• [Work task]: Only the lines below between the one holding "Starfield is next, and" and the one holding "Kesä 2014 ja", inclusive, are to be reproduced word for word; the pictures are to be left out.

• [Material shown]:
________________________________________
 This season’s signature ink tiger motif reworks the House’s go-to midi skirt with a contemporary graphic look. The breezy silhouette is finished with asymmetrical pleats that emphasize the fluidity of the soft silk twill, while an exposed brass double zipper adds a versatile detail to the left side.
________________________________________
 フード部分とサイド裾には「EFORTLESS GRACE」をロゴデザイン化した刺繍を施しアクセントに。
________________________________________
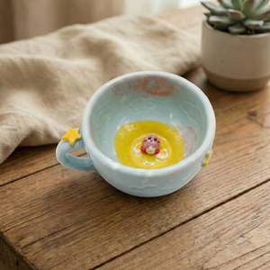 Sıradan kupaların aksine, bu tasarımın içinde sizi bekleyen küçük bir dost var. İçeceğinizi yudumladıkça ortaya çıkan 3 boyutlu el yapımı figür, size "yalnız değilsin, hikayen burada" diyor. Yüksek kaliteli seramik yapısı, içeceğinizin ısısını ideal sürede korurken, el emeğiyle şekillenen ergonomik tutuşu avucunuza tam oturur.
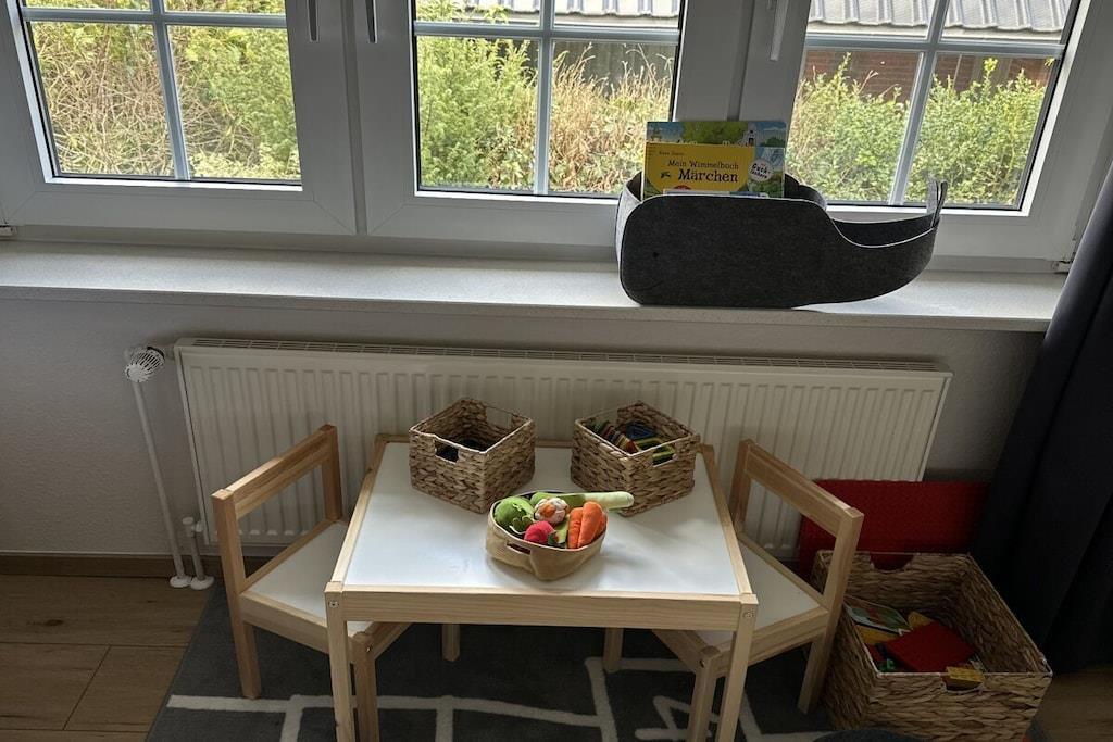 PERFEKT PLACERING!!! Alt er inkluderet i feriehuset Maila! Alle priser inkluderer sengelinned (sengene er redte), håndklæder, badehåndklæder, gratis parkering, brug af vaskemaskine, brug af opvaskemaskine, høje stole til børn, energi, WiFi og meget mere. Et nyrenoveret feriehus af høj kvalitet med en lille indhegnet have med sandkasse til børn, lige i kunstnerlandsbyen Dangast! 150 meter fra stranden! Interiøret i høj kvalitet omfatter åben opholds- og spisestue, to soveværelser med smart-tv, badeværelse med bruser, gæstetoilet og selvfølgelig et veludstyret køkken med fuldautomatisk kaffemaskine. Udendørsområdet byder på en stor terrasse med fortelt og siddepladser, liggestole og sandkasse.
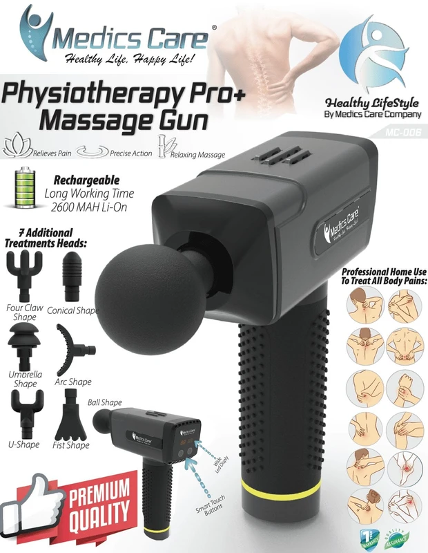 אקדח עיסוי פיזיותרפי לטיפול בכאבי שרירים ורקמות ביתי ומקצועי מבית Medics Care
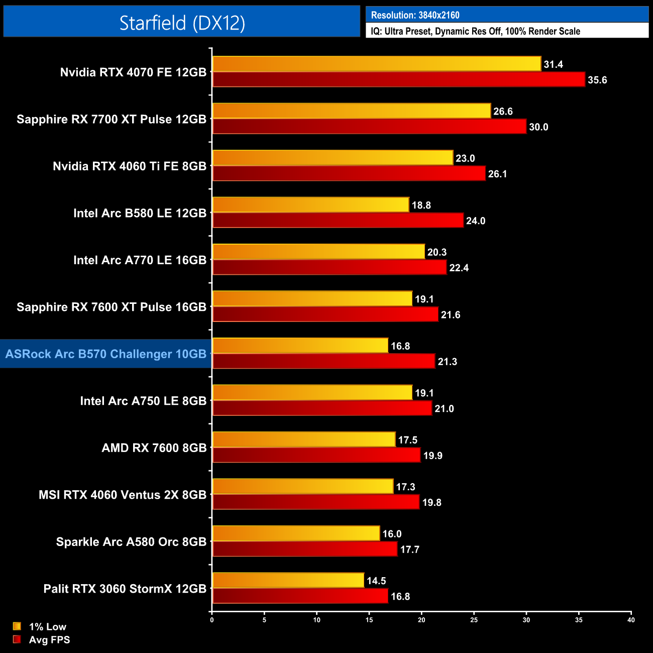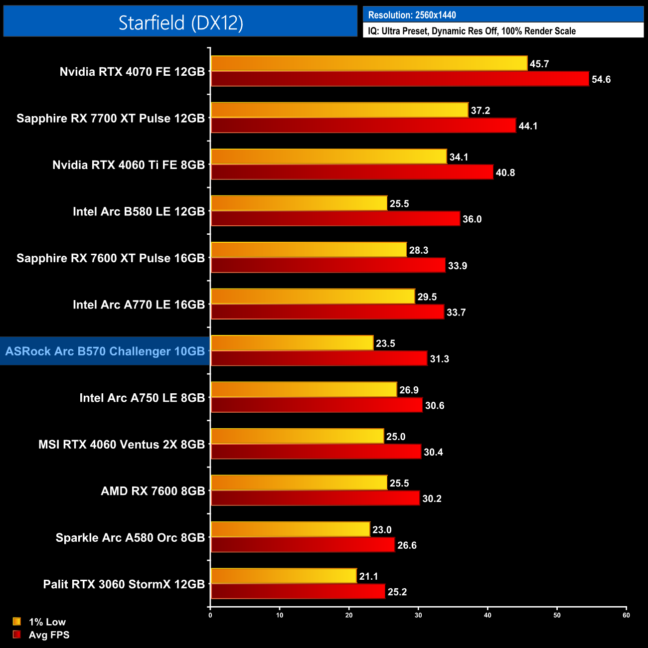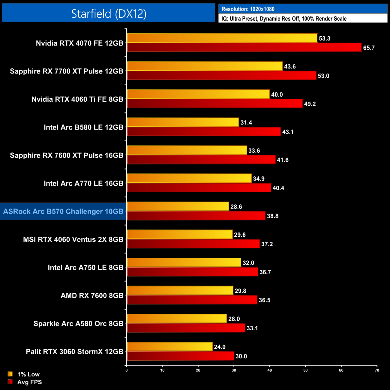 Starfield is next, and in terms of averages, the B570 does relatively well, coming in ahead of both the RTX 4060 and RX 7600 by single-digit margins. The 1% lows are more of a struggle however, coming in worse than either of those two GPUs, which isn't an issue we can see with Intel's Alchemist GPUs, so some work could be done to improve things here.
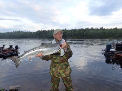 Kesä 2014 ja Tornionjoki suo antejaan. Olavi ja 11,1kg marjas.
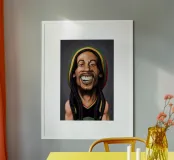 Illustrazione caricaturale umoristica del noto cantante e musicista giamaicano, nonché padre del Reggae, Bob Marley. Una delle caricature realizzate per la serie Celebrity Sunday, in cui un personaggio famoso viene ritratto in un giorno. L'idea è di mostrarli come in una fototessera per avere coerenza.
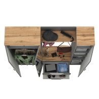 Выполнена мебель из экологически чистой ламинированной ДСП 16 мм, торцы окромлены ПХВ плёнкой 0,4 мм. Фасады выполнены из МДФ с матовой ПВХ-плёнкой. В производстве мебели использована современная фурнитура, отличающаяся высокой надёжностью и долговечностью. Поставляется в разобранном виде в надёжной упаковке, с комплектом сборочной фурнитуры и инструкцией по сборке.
________________________________________
• [Task output]:
 Starfield is next, and in terms of averages, the B570 does relatively well, coming in ahead of both the RTX 4060 and RX 7600 by single-digit margins. The 1% lows are more of a struggle however, coming in worse than either of those two GPUs, which isn't an issue we can see with Intel's Alchemist GPUs, so some work could be done to improve things here.
 Kesä 2014 ja Tornionjoki suo antejaan. Olavi ja 11,1kg marjas.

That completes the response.